Replace capacitors • Replacing the capacitors first will give you more room to replace other parts. • Use hook and crimp method. This makes for a fast and strong replacement. It also more importantly keep the part in the same relative place as the original. • The performance of plenty of radios is affected by parts placement and wire dress.
Replace resistors • Use the hook, crimp and solder method. • A Lead Twister tool is really helpful with resistor replacement.
Lead Twister • A lead twister adds little coils to the lead wires of the new parts. • Cut out the original part near the body. • Slip the new part’s coils over the old lead wires and solder. • This maintains the original component position and makes for a quick secure solder joint. • See: http://www.ppinyot.com/lead_twister.htm to make one.
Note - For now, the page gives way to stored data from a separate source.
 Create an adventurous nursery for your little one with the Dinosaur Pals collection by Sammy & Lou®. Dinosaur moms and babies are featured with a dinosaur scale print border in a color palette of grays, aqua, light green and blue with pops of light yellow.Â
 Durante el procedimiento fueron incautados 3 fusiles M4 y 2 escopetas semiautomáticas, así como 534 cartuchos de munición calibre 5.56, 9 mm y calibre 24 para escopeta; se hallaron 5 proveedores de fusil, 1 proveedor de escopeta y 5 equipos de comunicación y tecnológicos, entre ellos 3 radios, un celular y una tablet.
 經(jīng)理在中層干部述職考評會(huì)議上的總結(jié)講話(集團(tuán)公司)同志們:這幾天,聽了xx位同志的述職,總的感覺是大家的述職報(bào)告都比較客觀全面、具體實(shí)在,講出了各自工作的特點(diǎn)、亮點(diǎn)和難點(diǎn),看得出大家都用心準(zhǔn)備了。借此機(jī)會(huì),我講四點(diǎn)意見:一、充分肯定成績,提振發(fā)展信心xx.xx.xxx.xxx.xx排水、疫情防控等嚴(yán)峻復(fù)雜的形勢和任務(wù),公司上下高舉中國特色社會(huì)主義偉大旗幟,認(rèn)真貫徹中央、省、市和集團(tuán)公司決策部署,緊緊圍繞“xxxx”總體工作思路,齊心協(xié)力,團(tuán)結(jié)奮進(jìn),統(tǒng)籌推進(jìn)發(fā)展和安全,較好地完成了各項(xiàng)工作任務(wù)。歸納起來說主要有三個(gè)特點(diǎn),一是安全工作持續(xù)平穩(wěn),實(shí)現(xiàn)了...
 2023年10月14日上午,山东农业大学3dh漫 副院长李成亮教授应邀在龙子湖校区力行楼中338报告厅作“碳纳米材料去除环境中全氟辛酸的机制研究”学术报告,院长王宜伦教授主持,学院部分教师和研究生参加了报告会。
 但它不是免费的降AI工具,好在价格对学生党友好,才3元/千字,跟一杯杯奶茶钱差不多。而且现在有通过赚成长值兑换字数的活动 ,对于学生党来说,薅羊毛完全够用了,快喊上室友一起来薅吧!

Open IF cans and replace resistors Sliver Mica disease (AA5) Replace Resistors See: http://www.ppinyot.com/if_transformers.htm
Hot test restored chassis Please use a dim bulb tester…….
Hot test restored chassis • Use a Variac, volt and amp meter OR DBT. Once passed then plug directly into the line (mains). • Tune in a strong station on Broadcast. • More than likely you will hear a station or more. • If you are lucky the dial frequency may be close.
Alignment • Get alignment data. • Warm up RF generator and frequency counter. • Connect voltmeter to AGC or AC meter to speaker terminals. • Perform Alignment
Trouble? • If the DBT passes trouble shoot after your first alignment. The IF transformers could be so far off the radio will not receive. • If still dead use appropriate trouble shooting techniques to repair.
Alignment • I will bring alignment gear. • Follow the alignment procedures. • An RF generator with AM modulation is commonly required. • A Frequency meter (or general coverage receiver) is needed to set the RF gen. • Burn in the radio 4 to 8 hours. • Perform the alignment again.
Put it all back together. • Clean your cabinet. • Make cosmetic improvements. • Check for electrical safety again. • String up an antenna and enjoy your new old radio.